The discovery of upregulated glycogen synthase kinase-3 (GSK-3) in various pathological conditions has led to the development of a host of chemically diverse small molecule GSK-3 inhibitors, such as BIP-135. GSK-3 inhibition emerged as an alternative therapeutic target for treating spinal muscular atrophy (SMA) when a number of GSK-3 inhibitors were shown to elevate survival motor neuron (SMN) levels in vitro and to rescue motor neurons when their intrinsic SMN level was diminished by SMN-specific short hairpin RNA (shRNA). Despite their cellular potency, the in vivo efficacy of GSK-3 inhibitors has yet to be evaluated in an animal model of SMA. Herein, we disclose that a potent and reasonably selective GSK-3 inhibitor, namely BIP-135, was tested in a transgenic Δ7 SMA KO mouse model of SMA, and found to prolong the median survival of these animals. In addition, this compound was shown to elevate the SMN protein level in SMA patient-derived fibroblast cells as determined by western blot, and was neuroprotective in a cell-based, SMA-related model of oxidative stress-induced neurodegeneration.

Glycogen synthase kinase-3β is a functional modulator of serotonin-1B receptors

Mol Pharmacol 2011 Jun;79(6):974-86.PMID:21372171DOI:10.1124/mol.111.071092.

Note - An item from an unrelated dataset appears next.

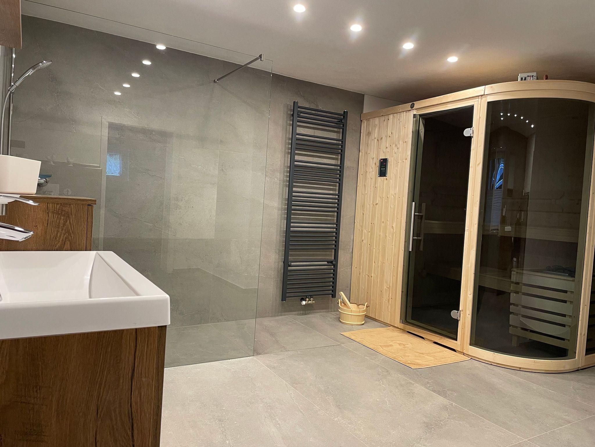 Im Keller befindet sich ein weiteres Badezimmer mit Sauna.

Glycogen synthase kinase-3 (GSK3) is a constitutively active protein kinase that is involved in neuronal regulation and is a potential pharmacological target of neurological disorders. We found previously that GSK3β selectively interacts with 5-hydroxytryptamine-1B receptors (5-HT1BR) that have important functions in serotonin neurotransmission and behavior. In this study, we provide new information supporting the importance of GSK3β in 5-HT1BR-regulated signaling, physiological function, and behaviors. Using molecular, biochemical, pharmacological, and behavioral approaches, we tested 5-HT1BR's interaction with G(i)α(2) and β-arrestin2 and 5-HT1BR-regulated signaling in cells, serotonin release in mouse cerebral cortical slices, and behaviors in wild-type and β-arrestin2 knockout mice. Molecular ablation of GSK3β and GSK3 inhibitors abolished serotonin-induced change of 5-HT1BR coupling to G(i)α(2) and associated signaling but had no effect on serotonin-induced recruitment of β-arrestin2 to 5-HT1BR. This effect is specific for 5-HT1BR because GSK3 inhibitors did not change the interaction between serotonin 1A receptors and G(i)α(2). Two GSK3 inhibitors, N-(4-methoxybenzyl)-N'-(5-nitro-1,3-thiazol-2-yl)urea (AR-A014418) and 3-(5-bromo-1-methyl-1H-indol-3-yl)-4-(benzofuran-3-yl)pyrrole-2,5-dione (BIP-135), efficiently abolished the inhibitory effect of the 5-HT1BR agonist anpirtoline on serotonin release in mouse cerebral cortical slices. GSK3 inhibitors also facilitated the 5-HT1BR agonist anpirtoline-induced behavioral effect in the tail suspension test but spared anpirtoline-induced locomotor activity. These results suggest that GSK3β is a functional selective modulator of 5-HT1BR-regulated signaling, and GSK3 inhibitors fine-tune the physiological and behavioral actions of 5-HT1BR. Future studies may elucidate the significant roles of GSK3 in serotonin neurotransmission and implications of GSK3 inhibitors as functional selective modulators of 5-HT1BR.